Bacterial lysis Add 100 μl 1 mg/ml lysozyme buffer (TE buffer: 10 mM Tris-HCL, 1 mM EDTA pH=8.0 containing 1 mg/ml lysozyme). Vortex for 10 s and incubate at RT for at least 15 min. Add 350 μl Buffer RLT and vortex vigorously. Add 250 μl 100% ethanol, mix by pipetting.
Column purification Transfer 700 μl lysate into RNeasy Mini column place in a 2 ml collection tube and centrifuge for 30 s at highest speed. Add 350 μl Buffer RW1 to the column and centrifuge for 30 s. Discard flow-through and reuse the collection tube. Add 10 μl DNase stock solution to 70 μ l RDD Buffer. Add the DNase I solution into the column and incubate at RT for 15 min. Add 350 μl Buffer RW1 to the column and wait for 5 min, centrifuge for 30 s. Discard the flow-through and collection tubes. Place the RNeasy Mini spin column in a new 2 ml collection tube. Add 500 μl Buffer RPE to the column. Centrifuge for 30 s. Place the column in a new 1.5 ml tube, and centrifuge for 1 min to eliminate any residue ethanol. Place the column in a new collection tube. Add 50 μl RNase free water, centrifuge for 1 min. Store RNA samples at -20°C.
Label
Alexa Fluor 555
Label protocol
cDNA labeling was carried out using the FairPlay III Microarray Labeling Kit from Agilent.

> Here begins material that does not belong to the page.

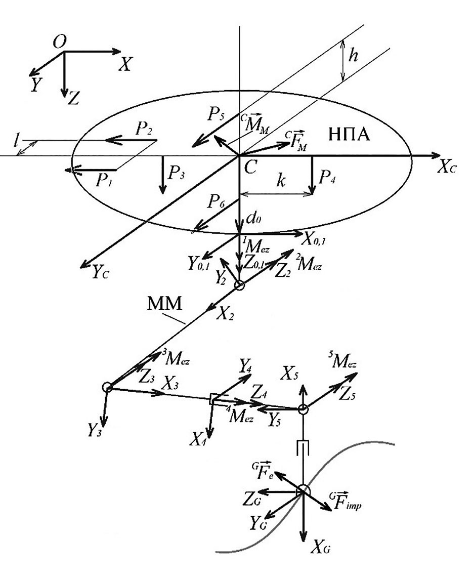 При движении рабочего инструмента подводного ММ по поверхности объекта работ на выходной вал редуктора привода i-й степени подвижности ММ (, n – количество степеней подвижности ММ) действует внешний момент iMdz, направленный вдоль оси шарнира i. iMdz = iMwz + iMez. Здесь iMwz – момент, обусловленный эффектами взаимовлияния между всеми степенями подвижности ММ, а также гидростатическими и гидродинамическими силами сопротивления его движению, включая вязкие трения и присоединенные массы окружающей жидкости, iMez – момент, обусловленный влиянием силы реакции опоры поверхности объекта работ , которая равна по величине и противоположна по направлению силе воздействия рабочего инструмента на этот объект. На рис. 4 показаны перечисленные векторы сил и моментов, а также векторы силового и моментного воздействия на НПА со стороны работающего ММ; индексом G отмечены векторы, заданные в СК , связанной с рабочим инструментом ММ; OXYZ – абсолютная СК; СXCYCZC – связанная с НПА СК; X0Y0Z0 – СК, связанная с основанием ММ; X1…5Y1…5Z1…5 – СК, связанные с началами соответствующих звеньев ММ; XGYGZG – СК, связанная с инструментом ММ; P1…6 – тяги, создаваемые движителями НПА; h, l, k – геометрические параметры компоновки движителей НПА; – вектор, определяющий положение основания ММ в СК XCYCZC.

Reverse transcription 10 μ g total RNA was used to generate cDNA. Add 1 μl of 500 ng/ μl random primers into the 10 μg total RNA which is dissolved in 12 μl RNase free water. Incubate at 70°C for 10 min in a PCR machine. Cool samples immediately on ice until ready for use. Combine the following components in a sterile, RNase and DNase free tube: 2 μl 10 × AffinityScript RT Buffer; 1 μl 20 × dNTP mix; 1.5 μl 0.1 M DTT; 0.5 μl 40 U/ul RNase Block. Add the annealed primers and RNA into the mixture. Add 3 μl of AffinityScript RT and incubate at 42°C for 60 min. Add 10 μl of 1 M NaOH and incubate at 70°C for 10 min to hydrolyzed RNA. Cool to room temperature and add 10 μl 1 M HCL to neutralize the solution.
cDNA purification Add 4 μl of 3 M sodium acetate pH 5.5 to the reaction. Add 1 μl of 20 mg/ml glycogen to the reaction. Add 100 μl ice cold 100% ethanol and incubate at -20°C overnight. Spin the reaction at 13.2 rpm for 15 min at 4°C and decant the supernatant (You should see some white pellet at the bottom of the tube). Wash with 200 μl ice cold 70% ethanol and spin 5 min. Decant supernatant carefully and allow for air dry for about 30 min to eliminate ethanol.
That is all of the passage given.